**Exercise description**
Within the listing below, please copy exactly the lines between the line holding "NWT Rabbit, Rabbit, Rabbit" and the line holding "Women's Purple Warm", inclusive.

**Extracted information**

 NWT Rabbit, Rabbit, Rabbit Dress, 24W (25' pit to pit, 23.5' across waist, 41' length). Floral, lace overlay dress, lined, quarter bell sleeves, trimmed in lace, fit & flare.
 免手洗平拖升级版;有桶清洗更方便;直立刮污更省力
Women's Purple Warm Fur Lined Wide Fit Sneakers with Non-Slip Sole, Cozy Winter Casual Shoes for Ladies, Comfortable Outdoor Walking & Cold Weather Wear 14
---
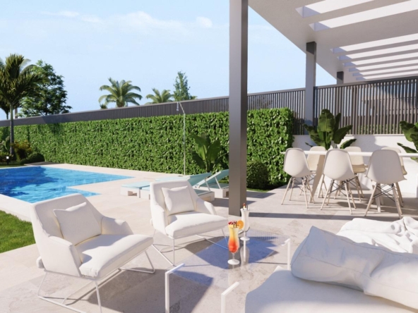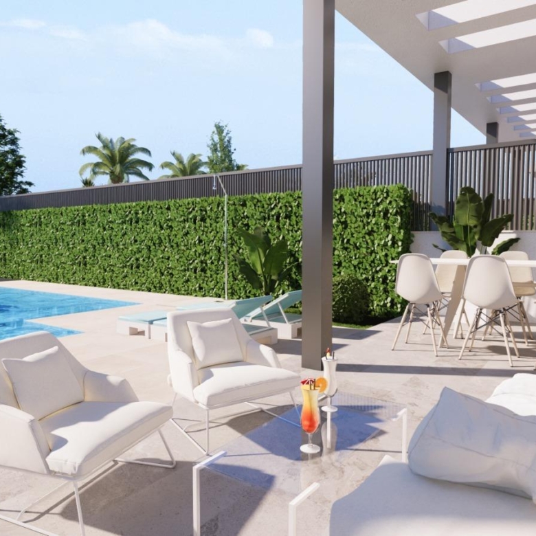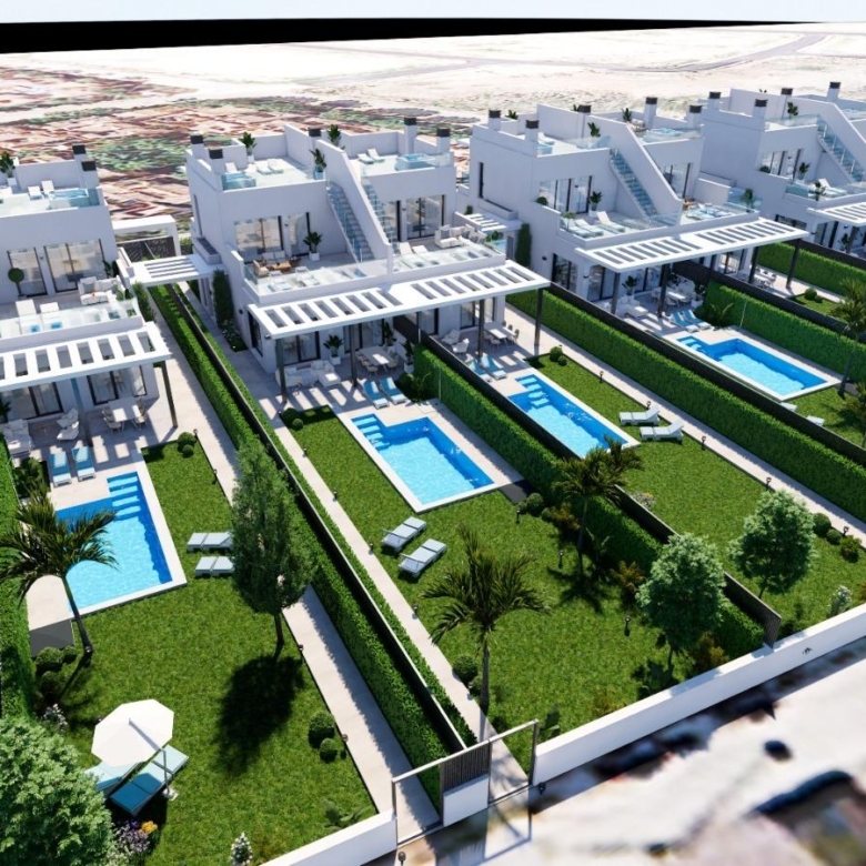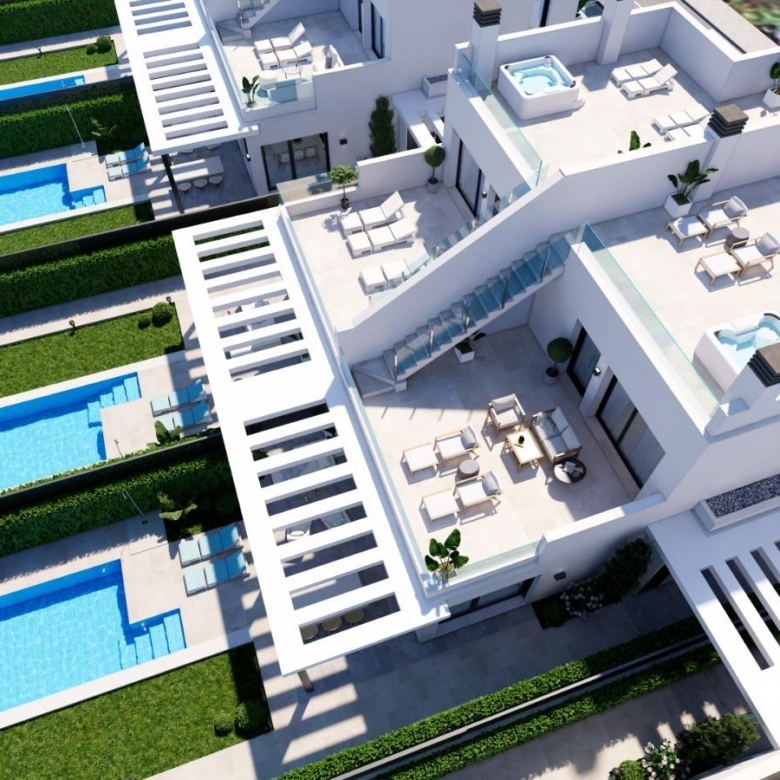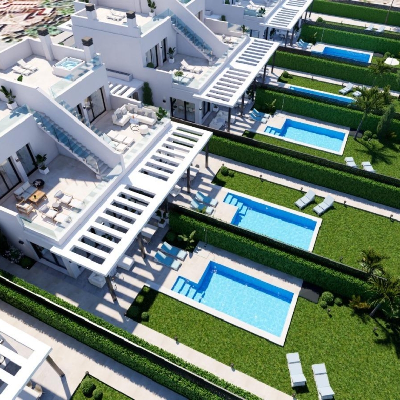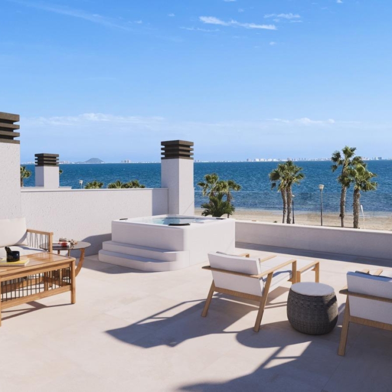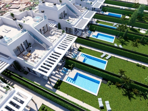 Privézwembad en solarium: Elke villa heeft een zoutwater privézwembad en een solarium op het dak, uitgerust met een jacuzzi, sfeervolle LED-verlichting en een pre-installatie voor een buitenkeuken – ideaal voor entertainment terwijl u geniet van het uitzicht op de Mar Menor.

**Solution to the problem**
 NWT Rabbit, Rabbit, Rabbit Dress, 24W (25' pit to pit, 23.5' across waist, 41' length). Floral, lace overlay dress, lined, quarter bell sleeves, trimmed in lace, fit & flare.
 免手洗平拖升级版;有桶清洗更方便;直立刮污更省力
Women's Purple Warm Fur Lined Wide Fit Sneakers with Non-Slip Sole, Cozy Winter Casual Shoes for Ladies, Comfortable Outdoor Walking & Cold Weather Wear 14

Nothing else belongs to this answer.